Baru kali ini, saya menguji skripsi mahasiswa, dimana ada seorang mahasiswa tidak mampu mempertahankan apa yang ia teliti, dan harus mengulang proses sidang skripsinya dengan syarat, data primer dan analisisnya mesti dipermak total ?!.
Sehingga, pada akhir penutupan Sidang, suasana menjadi kurang kondusif untuk larut bersama kebahagiaan mahasiswa lainnya, yang lulus dalam sidang skripsi dan komprehensif itu.
Dengan berbagai perasaan yang tidak menentu pula, saya merasakan kesedihan yang luar biasa, karena sesuatu yang mestinya berjalan secara alamiah, wajar dan lancar-lancar saja, tiba-tiba muncul persepsi dan dugaan yang melahirkan pertanyaan, “apa sih yang sebenarnya terjadi di benak mahasiswa, ketika mereka akan dan sedang menghadapi sidang skripsi ?!”
Memang bagi sebagian besar mahasiswa, saat-saat dimana ia harus menyelesaikan skripsinya, adalah saat dunianya diselimuti oleh kegelisahan, kekuatiran, dan kecemasan.

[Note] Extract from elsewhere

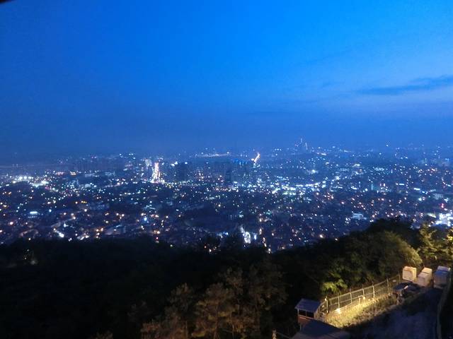 在塔下的平台上也能看夜景,与其他大城市也大同小异,反而不那么令人心动,反倒是呼啸而过的冷风,吹得大家伙不时瑟瑟发抖。我们还看到有人穿着羽绒服上来的,当然也有不怕冷的,短袖短裙,义无反顾。

Jangankah mahasiswa S1, mereka yang akan mengakhiri program pasca sarjana saja merasakan hal yang sama ketika mereka akan dan sedang melakukan Sidang Tesis dan Disertasinya.
Seringkali, kita sendiri tidak mampu melampaui perasaan gelisah, kuatir dan cemas dengan aktivitas yang satu ini, sehingga banyak mahasiswa yang mengalami kegagalan, hanya gara-gara tidak mampu melampaui kegelisahan, kecemasan dan kekuatirannya sendiri, sehingga pada saat sidang skripsi berlangsung mereka begitu sulit mengatakan apa yang sebenarnya sudah ada di dalam batok kepalanya itu !
Padahal, saya selaku dosen penguji tidak pernah bertanya sesuatu yang tidak mahasiswa ketahui. Bahkan, saya senantiasa memotivasi mereka agar tetap tenang, jernihkan pikiran dan anggap semua ini hanya diskusi biasa. Tapi, herannya mereka menganggap Sidang Skripsi itu ‘sesuatu’ bingits, sehingga mendengar nama aktivitas itu saja, sudah berdiri bulu-kuduk mereka?! Mungkin, hal ini yang dinamanakan sebagai ‘sindrome tugas akhir’ kaleee ya?!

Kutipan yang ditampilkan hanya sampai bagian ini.